Reputation: 14563
I have a large number of CSV files that contain survey data. As a result I know that there is a good deal of duplicated data. Thus, I want to summarize the data by finding the frequency of unique responses. Typically I do this by inserting a frequency column with a value of one and then summing it. Like so:
data = aggregate(data$Freq, by = list(ONE = data$ONE, TWO = data$TWO, THREE = data$THREE), FUN = sum)
In this case that approach is not feasible since the column names are not consistent and are variable in number. Sample data looks like what the following generates:
data = data.frame(
ONE = sample(1:2, 40, TRUE),
TWO = sample(1:2, 40, TRUE),
THREE = sample(1:5, 40, TRUE));
data$Freq = 1
How can I preserve the unique values and find the count of their appearance?
Upvotes: 0
Views: 50
Reputation: 94317
If you want to do it without creating the Freq=1 variable, you can create that "on the fly":
> head(data)
ONE TWO THREE
1 D D C
2 A B C
3 C B D
4 A A D
5 A B A
> aggregate(rep(1,nrow(data)) ~ ., data=data, sum)

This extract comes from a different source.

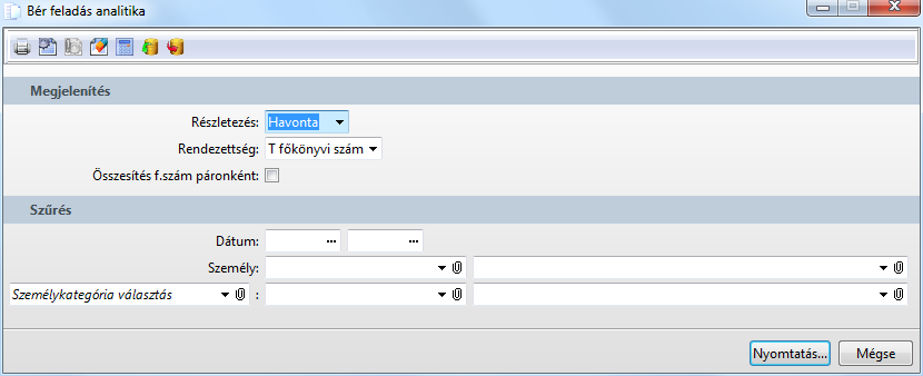 Funkció elérése menüszerkesztéskor: Bérszámfejtés / Listák év közben / Bér feladás analitika
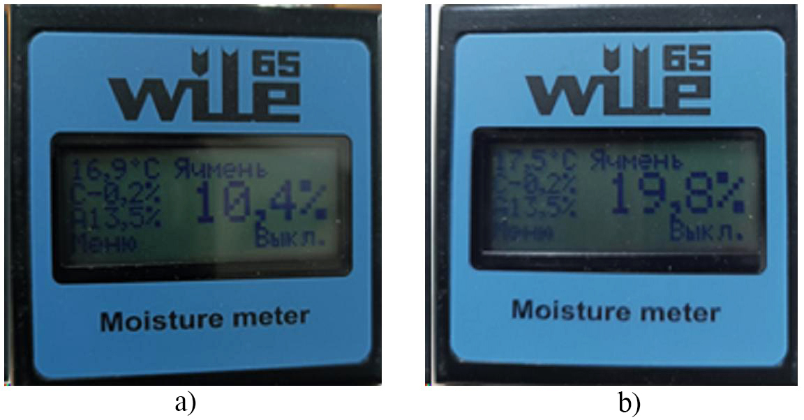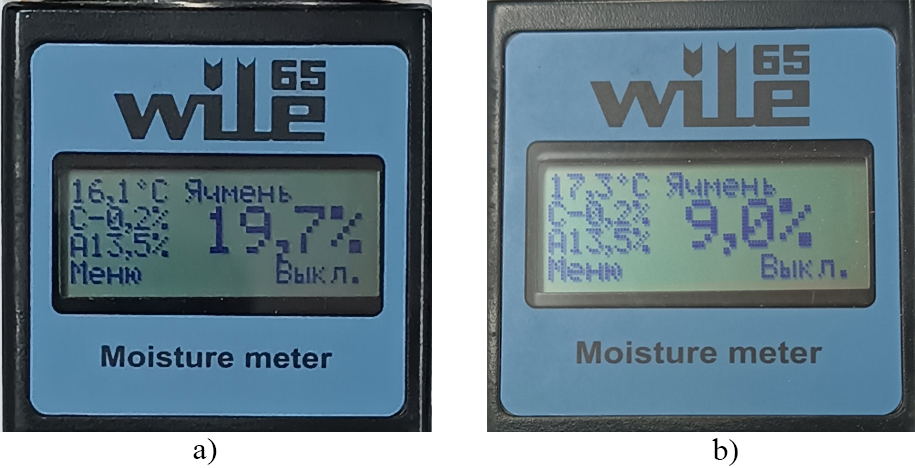 Рис. 3. Примеры измерения влажности влагомером модели Wile-65: a) микронизированное зерно; b) немикронизированное зерно

ONE TWO THREE rep(1, nrow(data))
1 B A A 1
2 C A A 3
3 D A A 2
4 A B A 1
5 D B A 1
But it does give a rough name to the column. Wrap it in setNames
:
> setNames(aggregate(rep(1,nrow(data)) ~ ., data=data, sum), c(names(data),"Freq"))
ONE TWO THREE Freq
1 B A A 1
2 C A A 3
3 D A A 2
4 A B A 1
5 D B A 1
Upvotes: 1